## Exercise directions:
From the first line of the material below through the line containing "Ще до того як", print every line exactly as it stands, but no pictures.

[Data]

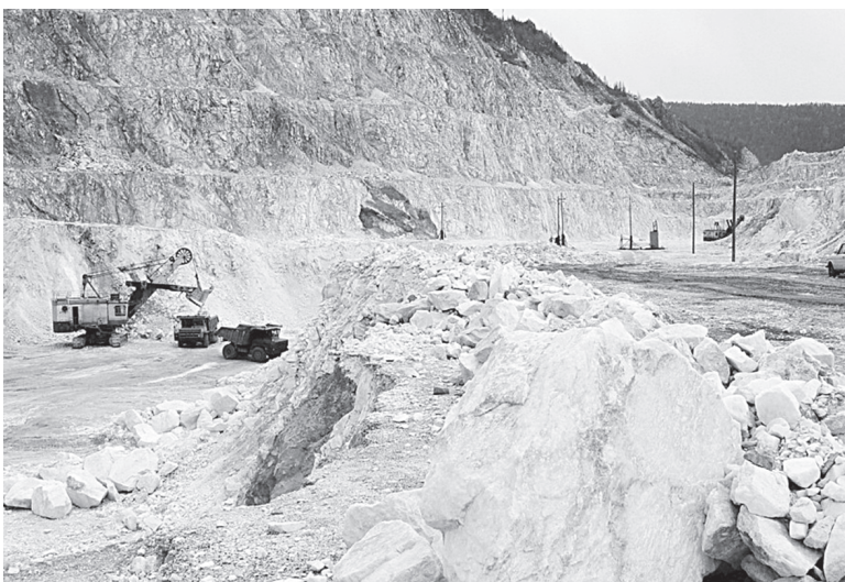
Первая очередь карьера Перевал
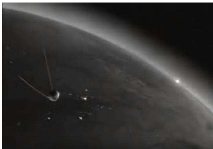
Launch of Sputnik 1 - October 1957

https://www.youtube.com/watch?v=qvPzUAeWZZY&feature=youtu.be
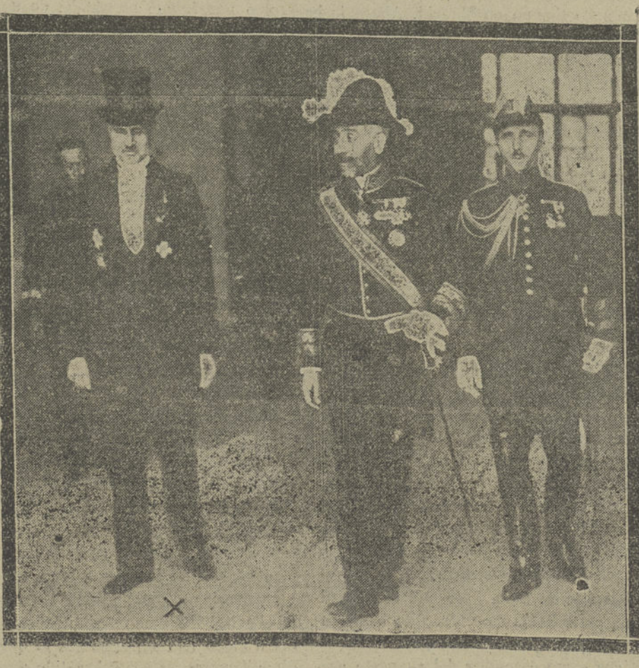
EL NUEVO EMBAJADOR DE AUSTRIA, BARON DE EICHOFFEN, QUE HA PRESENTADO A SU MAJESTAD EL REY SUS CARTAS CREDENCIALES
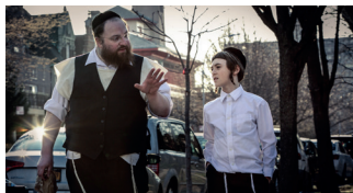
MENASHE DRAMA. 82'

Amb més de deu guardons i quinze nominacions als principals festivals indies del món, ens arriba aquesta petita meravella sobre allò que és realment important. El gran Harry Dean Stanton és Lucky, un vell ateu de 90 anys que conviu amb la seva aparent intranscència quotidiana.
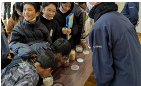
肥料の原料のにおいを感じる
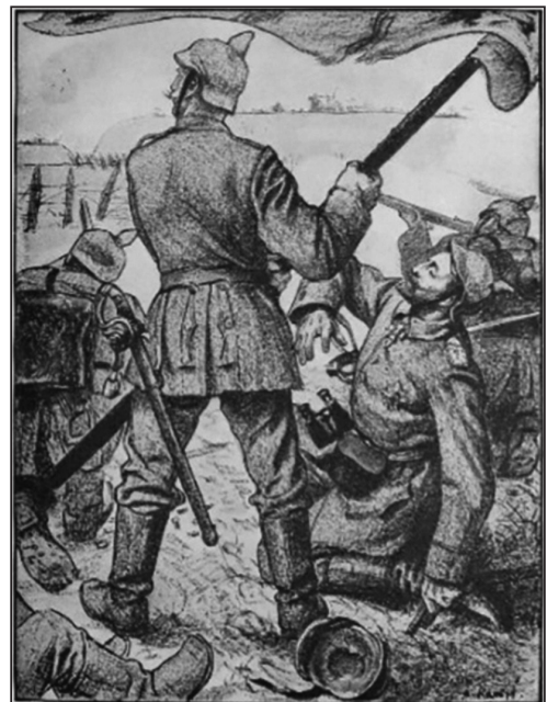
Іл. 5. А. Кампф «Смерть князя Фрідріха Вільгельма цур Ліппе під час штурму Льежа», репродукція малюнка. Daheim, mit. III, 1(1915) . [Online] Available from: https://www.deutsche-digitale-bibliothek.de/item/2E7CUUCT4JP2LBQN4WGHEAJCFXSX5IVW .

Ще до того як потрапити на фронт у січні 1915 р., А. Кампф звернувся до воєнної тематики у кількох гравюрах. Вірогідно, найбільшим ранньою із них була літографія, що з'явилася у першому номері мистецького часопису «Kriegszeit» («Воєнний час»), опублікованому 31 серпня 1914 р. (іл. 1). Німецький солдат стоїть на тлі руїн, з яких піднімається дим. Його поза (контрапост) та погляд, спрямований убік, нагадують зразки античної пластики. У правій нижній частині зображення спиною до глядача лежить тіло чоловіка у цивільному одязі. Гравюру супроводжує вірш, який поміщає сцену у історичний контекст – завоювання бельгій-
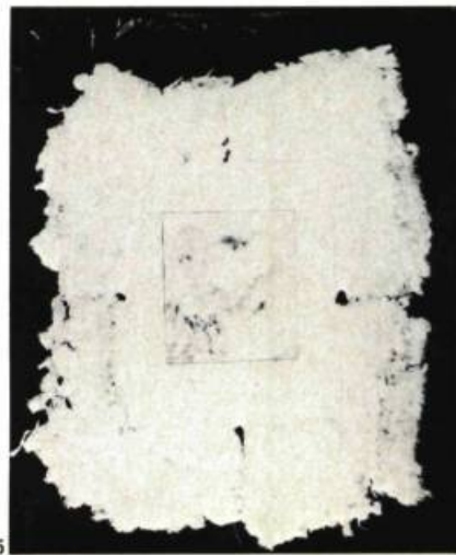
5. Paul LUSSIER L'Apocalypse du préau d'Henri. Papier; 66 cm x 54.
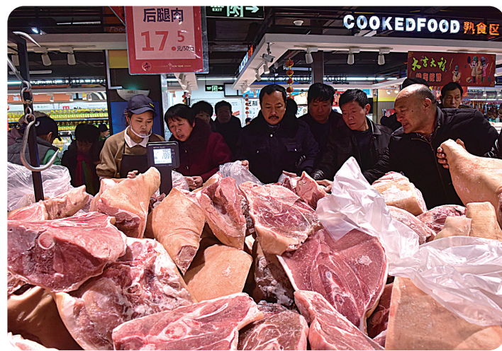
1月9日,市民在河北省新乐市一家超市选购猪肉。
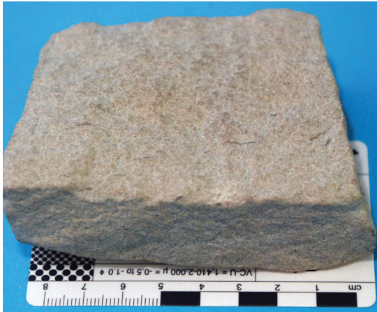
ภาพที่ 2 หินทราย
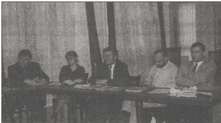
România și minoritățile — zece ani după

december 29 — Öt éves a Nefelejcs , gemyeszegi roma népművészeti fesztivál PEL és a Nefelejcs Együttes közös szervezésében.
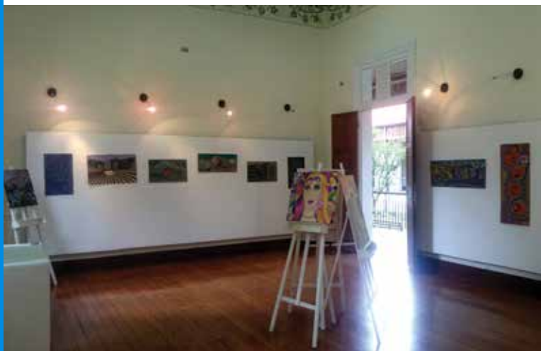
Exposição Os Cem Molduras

[/Data]

## Exercise response:
Первая очередь карьера Перевал
Launch of Sputnik 1 - October 1957

https://www.youtube.com/watch?v=qvPzUAeWZZY&feature=youtu.be
EL NUEVO EMBAJADOR DE AUSTRIA, BARON DE EICHOFFEN, QUE HA PRESENTADO A SU MAJESTAD EL REY SUS CARTAS CREDENCIALES
MENASHE DRAMA. 82'

Amb més de deu guardons i quinze nominacions als principals festivals indies del món, ens arriba aquesta petita meravella sobre allò que és realment important. El gran Harry Dean Stanton és Lucky, un vell ateu de 90 anys que conviu amb la seva aparent intranscència quotidiana.
肥料の原料のにおいを感じる
Іл. 5. А. Кампф «Смерть князя Фрідріха Вільгельма цур Ліппе під час штурму Льежа», репродукція малюнка. Daheim, mit. III, 1(1915) . [Online] Available from: https://www.deutsche-digitale-bibliothek.de/item/2E7CUUCT4JP2LBQN4WGHEAJCFXSX5IVW .

Ще до того як потрапити на фронт у січні 1915 р., А. Кампф звернувся до воєнної тематики у кількох гравюрах. Вірогідно, найбільшим ранньою із них була літографія, що з'явилася у першому номері мистецького часопису «Kriegszeit» («Воєнний час»), опублікованому 31 серпня 1914 р. (іл. 1). Німецький солдат стоїть на тлі руїн, з яких піднімається дим. Його поза (контрапост) та погляд, спрямований убік, нагадують зразки античної пластики. У правій нижній частині зображення спиною до глядача лежить тіло чоловіка у цивільному одязі. Гравюру супроводжує вірш, який поміщає сцену у історичний контекст – завоювання бельгій-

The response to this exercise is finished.